**TASK BRIEF**
Practice item. Set the material below down again exactly, with no pictures.

**DATA SHOWN**

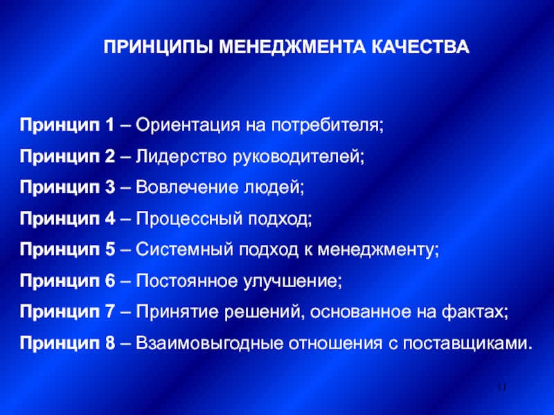 Слайд 11 ПРИНЦИПЫ МЕНЕДЖМЕНТА КАЧЕСТВА
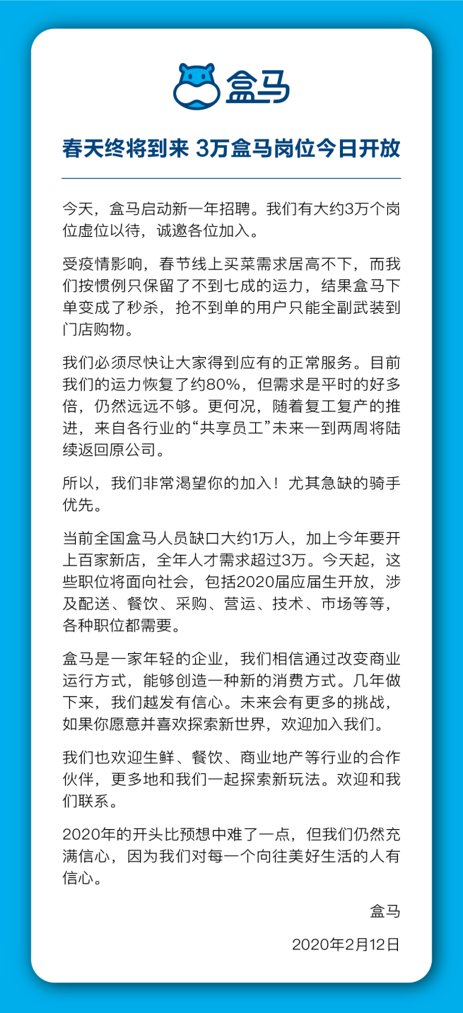 2月12日,盒馬宣布開啟新一輪招聘,開放3萬個崗位,包括總部采購、技術(shù)、運營等,也包括一線門店小二,其中配送小哥最為緊急。
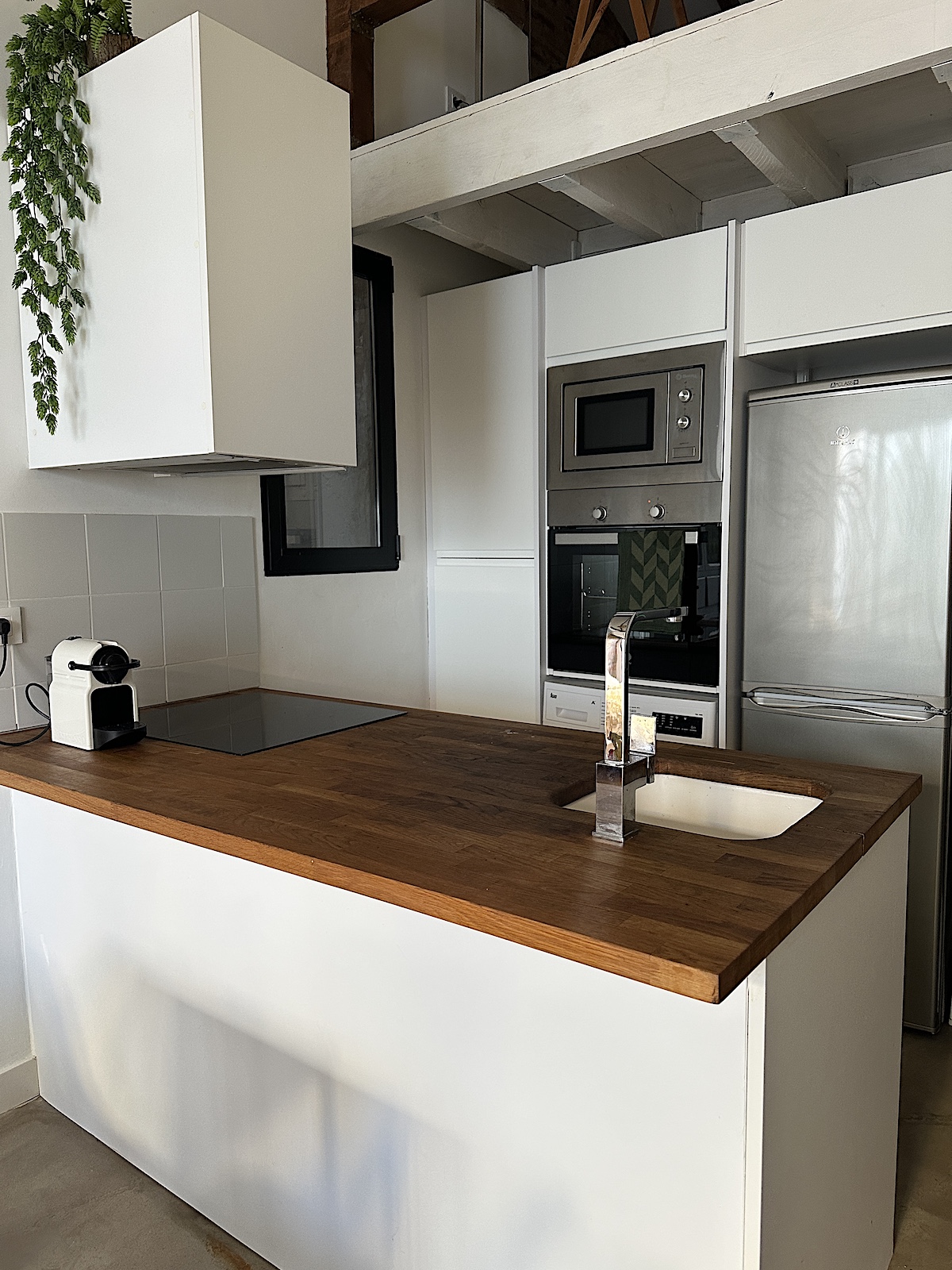Meine auch, aber nicht ganz so sehr, denn sie ist oben, also unterm Dach, da die Häuser hier meist nur zweistöckig sind. Die Besitzer haben den Dachboden geschickt genutzt und quasi eine weitere Etage, ein offenes Schlafzimmer, integriert. Die Fensterseite ist mit einer kompletten bodentiefen, neuen Glasfront ausgestattet, d.h. es kommt viel Licht in die Wohnung und das Fenster ist isoliert.
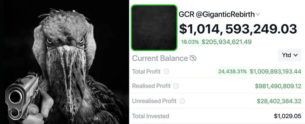 GCR adalah seorang trader semi-anonim yang dikenal karena keyakinannya yang kuat dan sering kali bertentangan dengan konsensus pasar (. GCR menarik perhatian global karena berhasil menjual LUNA secara pendek ) termasuk (juta$10 tepat sebelum kejatuhannya. Sejak saat itu, ia dikenal karena menggabungkan altcoin yang berisiko dengan ketajaman dalam membaca pergeseran makro.
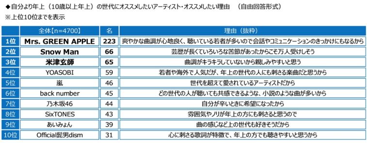TOP5について、オススメしたい理由をみると、1位の「Mrs. GREEN APPLE」では「爽やかな曲調が心地良く、聴いている若者が多いので会話やコミュニケーションのきっかけにもなるから」、2位の「Snow Man」では「芸歴が長くていろいろな苦節があったからこそ万人受けしそう」、3位の「米津玄師さん」では「曲調がキラキラしていないから親しみやすいと思う」といった回答がありました。また、4位の「YOASOBI」では「若者や海外で人気だが、年上の世代の人にも刺さる楽曲だと思うから」、5位の「嵐」では「世代を超えて愛されているアーティストだから」といった理由が挙げられました。
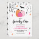 Spooky One! Halloween 1st birthday party invitation. Spooktacular birthday bash invite with pink pumpkins and stars and spiders.
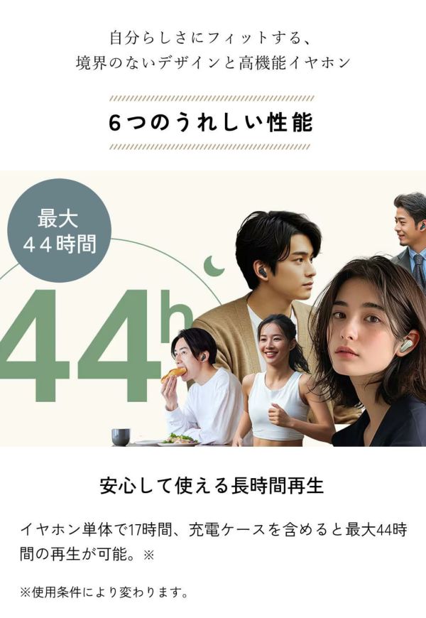 イヤホン単体で17時間、充電ケースを含めると最大44時間の再生が可能。※
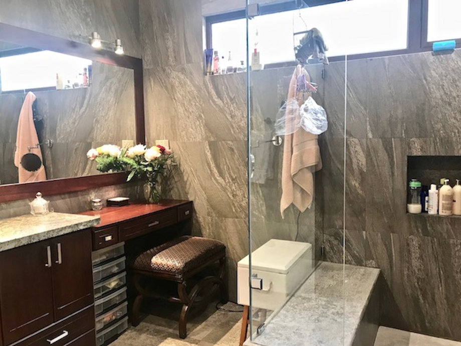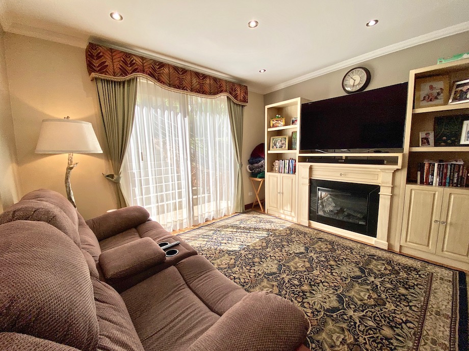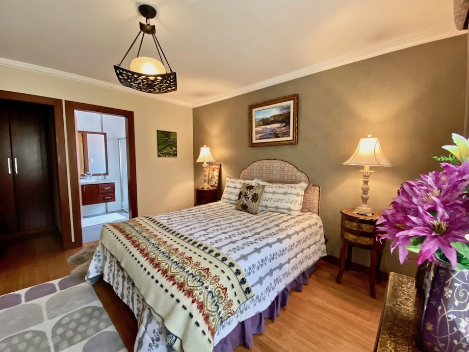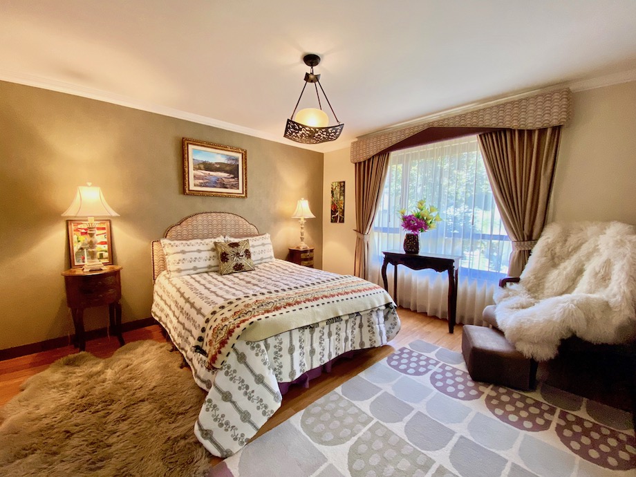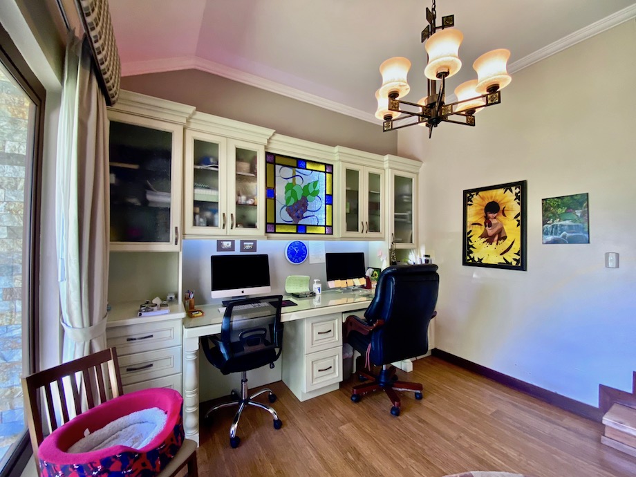 The large en-suite master bedroom is found on the ground floor with a walk-in closet and a shower with a shower seat. An office space with built-in desks and soft-hinge storage and file drawers with an exquisite custom-designed stained glass art piece is also found on the main floor and is big enough for two people with extra guest seating. This room could also be turned into a guest bedroom or work-out room as well.
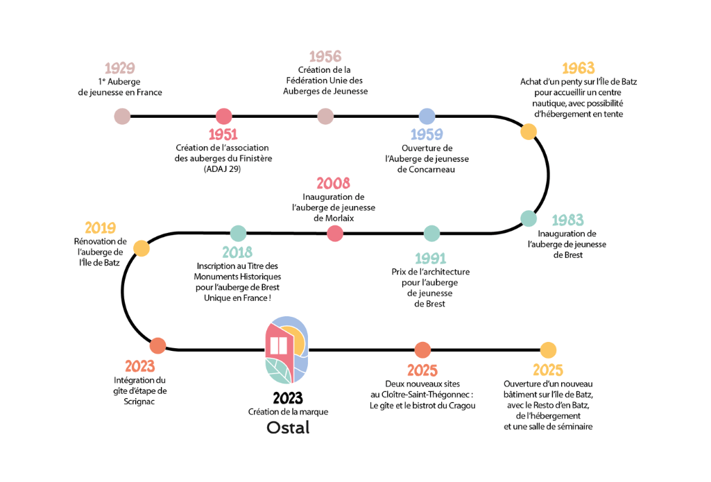En France, c’est le 28 août 1930 que Marc Sangnier ouvre la première auberge de jeunesse. Dans les années 1930-1940, les auberges de jeunesse en France se développent rapidement et le mouvement s’accélère par l’avènement des congés payés en 1936. C’est à la même époque qu’ouvre la première Auberge de jeunesse de Concarneau, de Brest et de Morlaix.
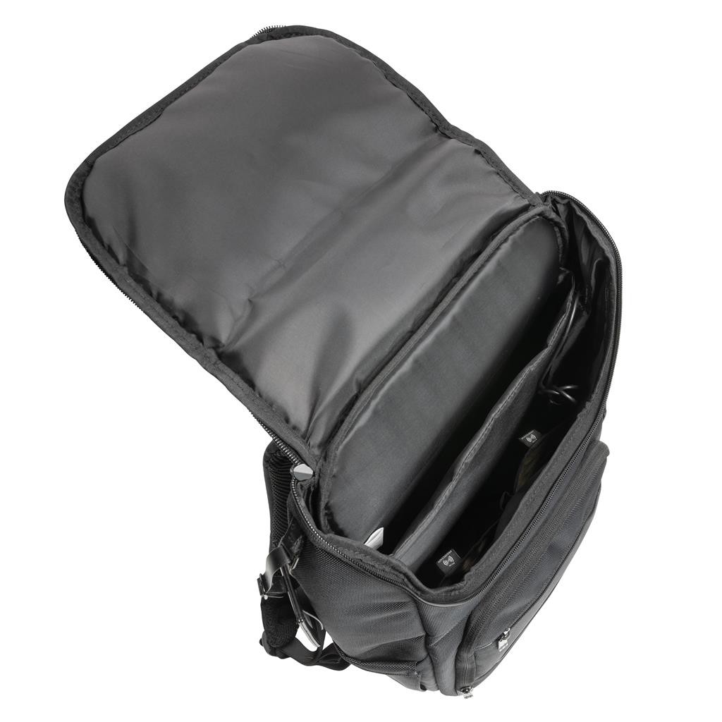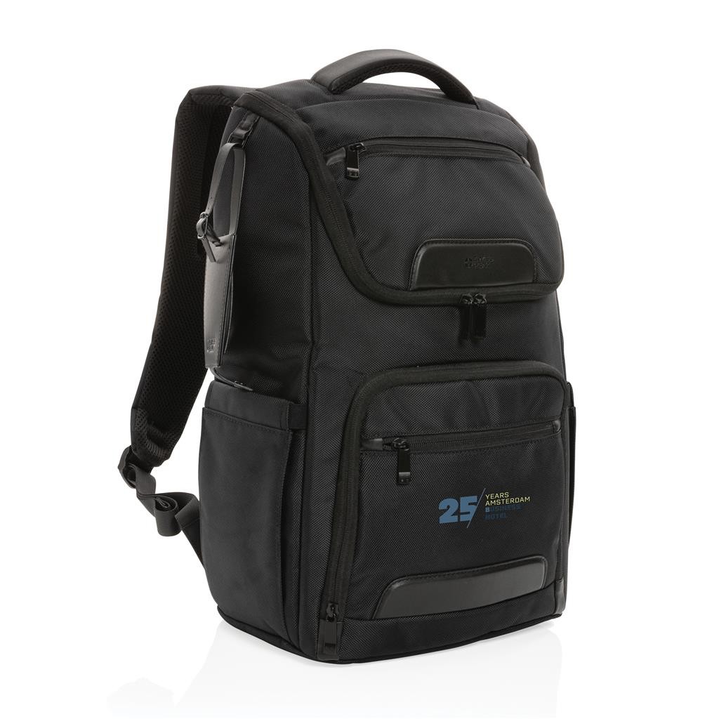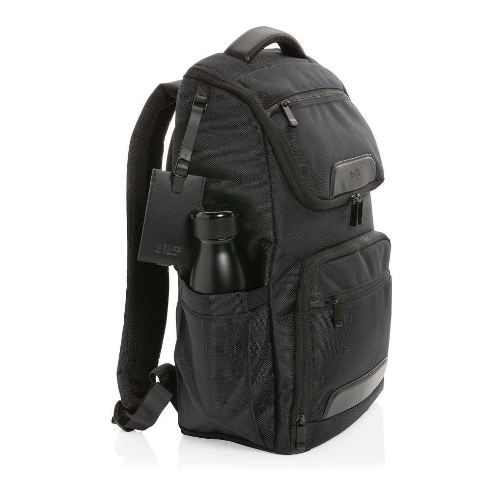 Elegantný skvele vybavený batoh na každodenné cestovanie. Vyrobený z pevného recyklovaného polyesteru 1680D s bohatými detailmi z umelej kože. Prakticky navrhnutý dizajn s množstvom vreciek. Priestranný hlavný oddiel, polstrovaný oddiel na 15,6" notebook, dodatočné menšie vrecko na zips. USB výstup pre nabíjanie telefónu na cestách, vrecká s RFID ochranou, pútka na perá, postranné vrecko na fľašu a odnímateľný kontaktný štítok. Zloženie: vonkajšia časť: 100 % 1680D recyklovaný polyester, vnútorná časť (podšívka): 150D recyklovaný polyester Vrátane skenovateľnej zložky AWARE™ garantujúcej obsah recyklátu. Na výrobu bolo využitých 49,92 500ml PET fliaš a bolo usporených 29,8 litrov vody. Navyše prispelo 2 % na podporu iniciatívy Water.org.

**YOUR SOLUTION**
 Слайд 11 ПРИНЦИПЫ МЕНЕДЖМЕНТА КАЧЕСТВА
 2月12日,盒馬宣布開啟新一輪招聘,開放3萬個崗位,包括總部采購、技術(shù)、運營等,也包括一線門店小二,其中配送小哥最為緊急。
Meine auch, aber nicht ganz so sehr, denn sie ist oben, also unterm Dach, da die Häuser hier meist nur zweistöckig sind. Die Besitzer haben den Dachboden geschickt genutzt und quasi eine weitere Etage, ein offenes Schlafzimmer, integriert. Die Fensterseite ist mit einer kompletten bodentiefen, neuen Glasfront ausgestattet, d.h. es kommt viel Licht in die Wohnung und das Fenster ist isoliert.
 GCR adalah seorang trader semi-anonim yang dikenal karena keyakinannya yang kuat dan sering kali bertentangan dengan konsensus pasar (. GCR menarik perhatian global karena berhasil menjual LUNA secara pendek ) termasuk (juta$10 tepat sebelum kejatuhannya. Sejak saat itu, ia dikenal karena menggabungkan altcoin yang berisiko dengan ketajaman dalam membaca pergeseran makro.
TOP5について、オススメしたい理由をみると、1位の「Mrs. GREEN APPLE」では「爽やかな曲調が心地良く、聴いている若者が多いので会話やコミュニケーションのきっかけにもなるから」、2位の「Snow Man」では「芸歴が長くていろいろな苦節があったからこそ万人受けしそう」、3位の「米津玄師さん」では「曲調がキラキラしていないから親しみやすいと思う」といった回答がありました。また、4位の「YOASOBI」では「若者や海外で人気だが、年上の世代の人にも刺さる楽曲だと思うから」、5位の「嵐」では「世代を超えて愛されているアーティストだから」といった理由が挙げられました。
 Spooky One! Halloween 1st birthday party invitation. Spooktacular birthday bash invite with pink pumpkins and stars and spiders.
 イヤホン単体で17時間、充電ケースを含めると最大44時間の再生が可能。※
 The large en-suite master bedroom is found on the ground floor with a walk-in closet and a shower with a shower seat. An office space with built-in desks and soft-hinge storage and file drawers with an exquisite custom-designed stained glass art piece is also found on the main floor and is big enough for two people with extra guest seating. This room could also be turned into a guest bedroom or work-out room as well.
En France, c’est le 28 août 1930 que Marc Sangnier ouvre la première auberge de jeunesse. Dans les années 1930-1940, les auberges de jeunesse en France se développent rapidement et le mouvement s’accélère par l’avènement des congés payés en 1936. C’est à la même époque qu’ouvre la première Auberge de jeunesse de Concarneau, de Brest et de Morlaix.
 Elegantný skvele vybavený batoh na každodenné cestovanie. Vyrobený z pevného recyklovaného polyesteru 1680D s bohatými detailmi z umelej kože. Prakticky navrhnutý dizajn s množstvom vreciek. Priestranný hlavný oddiel, polstrovaný oddiel na 15,6" notebook, dodatočné menšie vrecko na zips. USB výstup pre nabíjanie telefónu na cestách, vrecká s RFID ochranou, pútka na perá, postranné vrecko na fľašu a odnímateľný kontaktný štítok. Zloženie: vonkajšia časť: 100 % 1680D recyklovaný polyester, vnútorná časť (podšívka): 150D recyklovaný polyester Vrátane skenovateľnej zložky AWARE™ garantujúcej obsah recyklátu. Na výrobu bolo využitých 49,92 500ml PET fliaš a bolo usporených 29,8 litrov vody. Navyše prispelo 2 % na podporu iniciatívy Water.org.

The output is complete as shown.